The Trump/Zelensky Exchange: The “Though” Makes It Quid Pro Quo
The Trump administration released a “transcript” of the recent phone call between Ukraine’s President Volodymyr Zelensky and Trump. The administration seems to think that the document proves there was no quid pro quo arrangement suggested by the president. They claim that defense funding was never made conditional on Ukraine investigating Joe Biden or his son. Supporters of the president have dismissed the uproar as motivated by partisan politics, and regard any suggestion that the memo might represent an impeachable offence “a huge overreach” by Democrats.
But the accusation of a quid pro quo arrangement between a sitting president and a foreign government is a big deal. Asking the Ukrainian president to investigate a political rival by itself is sketchy. But to dangle defense funding in front of Ukraine and suggest that Ukraine won’t get it unless they come through is clearly an abuse of power. These types of political dealings were precisely the kind the founding fathers thought essential to keep out of our democracy. To use the power of the presidency for personal gain or to undermine a political rival is precisely the kind of power the founding fathers meant to curb with the constraints they placed on the executive branch. As Zack Beauchamp of Vox has argued,
The president is trying to get a foreign power to open an investigation into the highest-polling Democratic candidate, perhaps Trump’s likeliest opponent for reelection in 2020, on an extremely flimsy pretext — to turn Biden’s fake Ukraine scandal into “her emails” 2.0. He is actively working to weaponize the presidency to boost his political fortunes.
Not only would this constitute election interference, it further threatens to give a foreign power leverage over another nation’s commander-in-chief.
The administration has been adamant that no such deal was officially presented. In Trump’s own words he said, “I didn’t do it. There was no quid pro quo.” Many news outlets have tended to confirm this account; without anything more explicit it’s hard to say definitively whether an offer was intended or whether it was interpreted as such. This ambiguity has led the Justice Department to conclude that prosecutors “did not and could not make out a criminal campaign finance violation.” Without a clearer picture of the actual goods on offer and any clear-cut proposal, the DOJ found it difficult to hold the president accountable for soliciting foreign support in his upcoming presidential campaign.
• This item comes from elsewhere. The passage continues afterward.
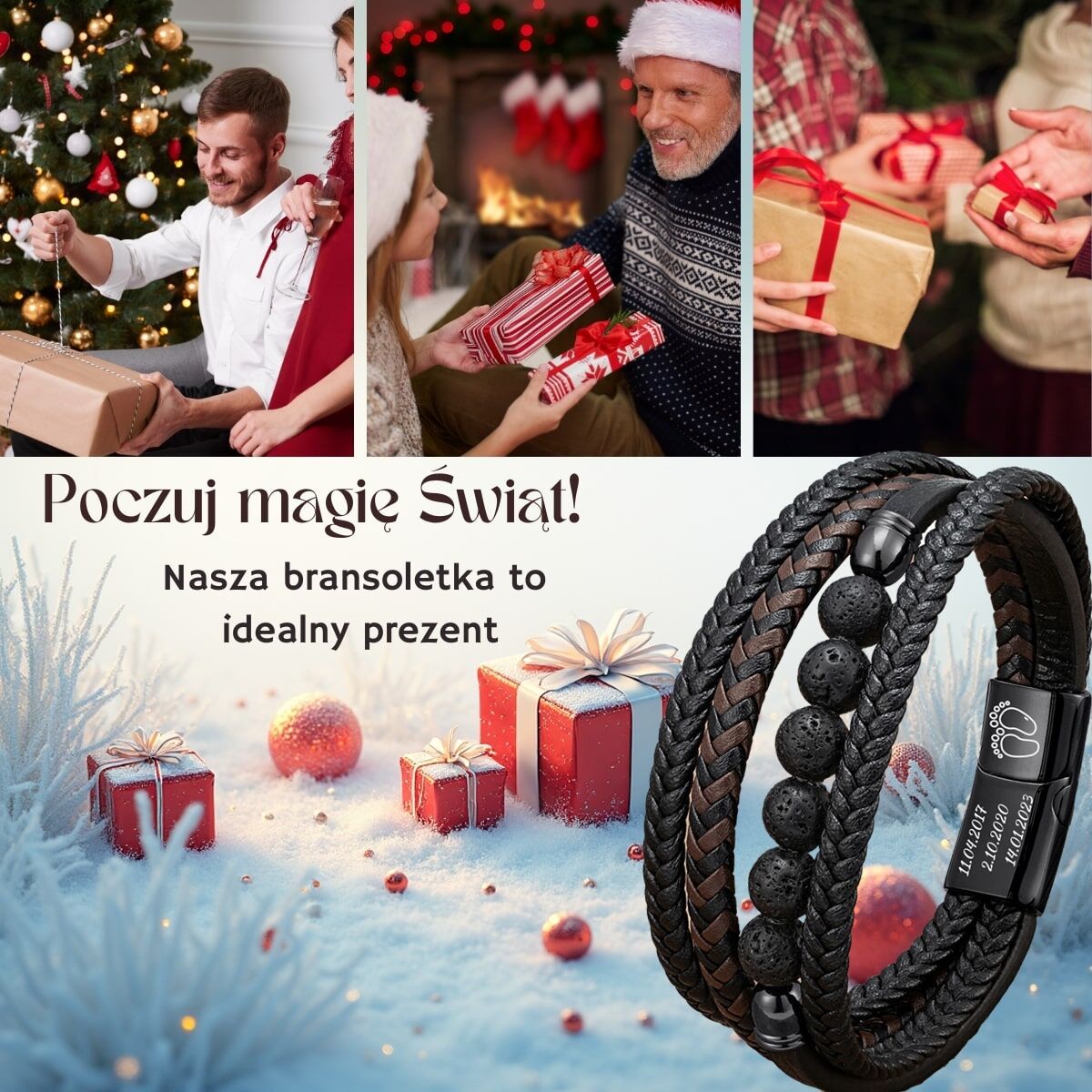 Bransoletka LAWA z grawerem skórzana dla OJCA PREZENT

But there is one word in the transcript of the phone call between Donald Trump and Zelensky that makes it pretty clear that Donald Trump threatened to withhold defense funding from Ukraine if Ukraine did not investigate Joe Biden and his son. It’s the word “though”.
Here is the excerpt that matters:
I would also like to thank you for your great support in the area of defense. We are ready to continue to cooperate for the next steps. Specifically we are almost ready to buy more Javelins from the United States for defense purposes.
I would like you to do us a favor though because our country has been through a lot and Ukraine knows a lot about it. I would like you to find out what happened with this whole situation with Ukraine, they say Crowdstrike… I guess you have one of your wealthy people… The server, they say Ukraine has it. There are a lot of things that went on, the whole situation. I think you’re surrounding yourself with some of the same people..
President Zelinskyy thanked President Trump for defense support and mentioned that he would like to continue this cooperation. The first sentence out of Trump’s mouth is “I would like you to do us a favor though.” He goes on to ask for an investigation of Biden as part of this favor. In this context, “though” would literally be defined as “placing a restriction or condition on what was previously said.”
Had Trump left that word out, this still looks pretty close to quid pro quo, but there is still the possibility of inferring some weaker claim. On the other hand, one might infer that though he didn’t explicitly threaten to withhold funding unless an investigation happened, it’s implied by asking for the favor. The “though” is what actually makes this an explicit threat; it’s what removes this ambiguity.
It’s up to Congress and the American People to decide what should be done next. As a matter of political expediency, we can argue about whether impeachment is a good idea or not. But whatever is decided, let’s not pretend that this phone call was anything other than an explicit threat by a sitting US President to stop cooperating with Ukraine on their military defense unless they investigated his political rival. The “though” makes this clearly a quid pro quo exchange.